Na 1887 ging het militair budget voor linies vrijwel in zijn geheel daarheen. Dat zorgde er ook voor dat Muiden en Weesp in 1892 uit de Nieuwe Hollandse Waterlinie werden losgehaald en aan de Stelling van Amsterdam werden toegevoegd. Met Hinderdam en Uitermeer gebeurde dat in 1913. Ervaringen in de Eerste Wereldoorlog bij de zuiderburen noopten tot aanpassingen. Delen van de Stelling van Amsterdam werden opgenomen in de Vesting Holland. Dat gold bijvoorbeeld voor het gedeelte van Muiden tot Hinderdam.

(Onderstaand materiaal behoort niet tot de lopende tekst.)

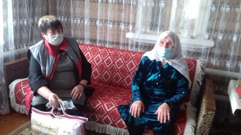 15 апреля 2020 года получатель социальных услуг отделения надомного обслуживания Комплексного центра социального обслуживания населения «Шафкатъ» МТЗ и СЗ РТ в Тукаевском муниципальном районе Габдуллина Зайтуна Мухаметшевна из села Биюрган отметила юбилейную дату, ей исполнилось 80 лет. Социальный работник Мингазова Филига Фарсыевна поздравила юбиляра, соблюдая все установленные ограничения карантина.
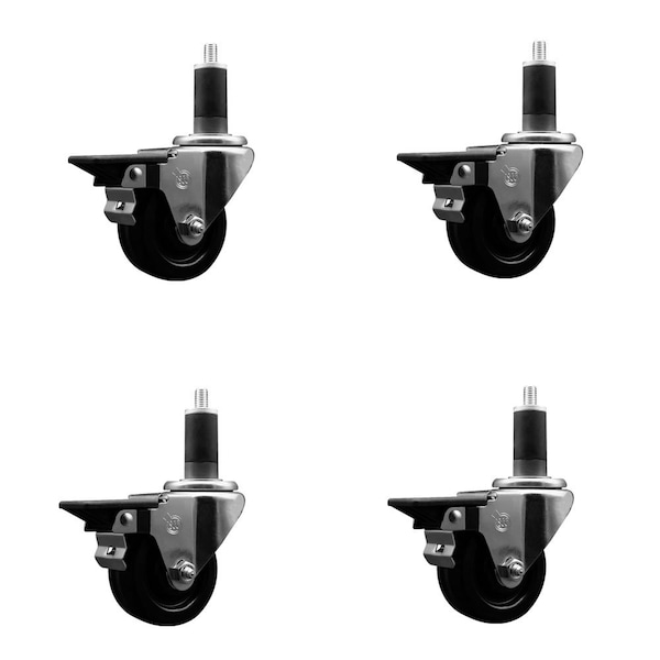 3'' Phenolic Swivel 1-1/4'' Expanding Stem Caster Set with Brake, 4PK

De Stelling van Amsterdam en de Nieuwe Hollandse Waterlinie waren ruimtelijk sterk met elkaar verweven in het gebied tussen Amsterdam en Naarden. Toen de stelling werd ingericht, was de Nieuwe Hollandse Waterlinie al op zijn retour. Om die reden werd een aantal verdedigingswerken overgeheveld.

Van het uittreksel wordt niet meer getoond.